Figure 2. Wireless Rx battery charger with downstream load connected to

a)Battery

b) PowerPath Ideal Diode

c) Output terminal of the voltage regulator.

But what if a particular application doesn’t have a battery at all, and instead only needs to provide a regulated voltage rail when wireless power is available? Examples of such applications are common in remote sensors, metering, automotive diagnostics, and medical diagnostics. For example, if a remote sensor doesn’t need to be powered continuously, then it doesn’t need a battery, which would need to be replaced (if it’s a primary cell) or recharged (if it’s a rechargeable cell) periodically. If that remote sensor only needs to give a reading when the user is nearby, then it can be powered wirelessly on demand.

Let’s look at the LTC3588-1 nanopower energy harvesting power supply solution. Although the LTC3588-1 was originally designed for energy harvesting (EH) applications powered by sensors (such as piezoelectric, solar, etc.), it can also be used in wireless power applications. Figure 3 shows a complete transmitter and receiver WPT solution using the LTC3588-1. On the transmitter side, a simple open-loop wireless transmitter based on the LTC6992 TimerBlox® silicon oscillator is used. In this design, the drive frequency is set to 216 kHz, which is lower than the resonant frequency of the LC tank circuit, 266 kHz. The exact ratio of fLC_TX to fDRIVE is best determined empirically to minimize the switching losses of M1 caused by zero voltage switching (ZVS). The design considerations regarding the transmitter coil selection and operating frequency are no different from other WPT solutions, that is, there is nothing unique about using the LTC3588-1 on the receiver side.

Figure 3. WPT uses the LTC3588-1 to provide a regulated 3.3 V rail.

On the receiving end, the resonant frequency of the LC tank is set equal to the 216 kHz drive frequency. Given that many EH applications require ac-to-dc rectification (just like WPT), the LTC3588-1 has this capability built in, allowing the LC tank to be connected directly to the PZ1 and PZ2 pins of the LTC3588-1. The rectification is broadband: dc to >10 MHz.
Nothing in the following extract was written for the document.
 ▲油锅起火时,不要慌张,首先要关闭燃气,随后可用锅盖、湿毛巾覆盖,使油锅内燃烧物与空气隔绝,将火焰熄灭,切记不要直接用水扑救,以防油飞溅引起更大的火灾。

Similar to the VCC pin of the LTC4123/LTC4124/LTC4126, the VIN pin of the LTC3588-1 is regulated to a level suitable for powering the back-end output. For the LTC3588-1, it is the output of a hysteretic step-down DC-DC regulator rather than the output of a battery charger. Four output voltages are pin-selectable: 1.8 V, 2.5 V, 3.3 V, and 3.6 V are available with continuous output currents up to 100 mA. The output capacitor can be sized appropriately to provide higher short-term burst currents as long as the average output current does not exceed 100 mA. Of course, realizing the full 100 mA output current capability is dependent upon having an appropriately sized transmitter, coil pair, and adequate coupling.
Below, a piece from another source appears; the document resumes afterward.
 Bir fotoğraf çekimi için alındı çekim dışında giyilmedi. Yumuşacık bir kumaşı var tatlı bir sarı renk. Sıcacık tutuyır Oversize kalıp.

If the load demand is lower than the available wireless input power supported, the VIN voltage will increase. Although the LTC3588-1 integrates an input protection shunt that can source up to 25 mA when the VIN voltage rises to 20 V, this feature is not required. As the VIN voltage rises, the peak AC voltage on the receive coil also increases,

This is equivalent to a reduction in the amount of AC available to the LTC3588-1, rather than just circulating in the receive resonant circuit. If the open circuit voltage (VOC) of the receive coil is reached before VIN rises to 20 V, the downstream circuit is protected and no heat is generated in the receive IC to cause energy loss. Test results: For the application with a 2 mm air gap shown in Figure 3, the maximum output current available at 3.3 V was measured to be 30 mA, and the VIN voltage measured at no load was 9.1 V. When the air gap is close to zero, the maximum output current available increases to approximately 90 mA, while the VIN voltage at no load only increases to 16.2 V, which is much lower than the input protection shunt voltage (see Figure 4).

Figure 4. Maximum output current available at various distances at 3.3 V.

For battery-free applications using wireless power, the LTC3588-1 provides a simple, integrated solution that provides a low current regulated voltage rail with complete input protection features.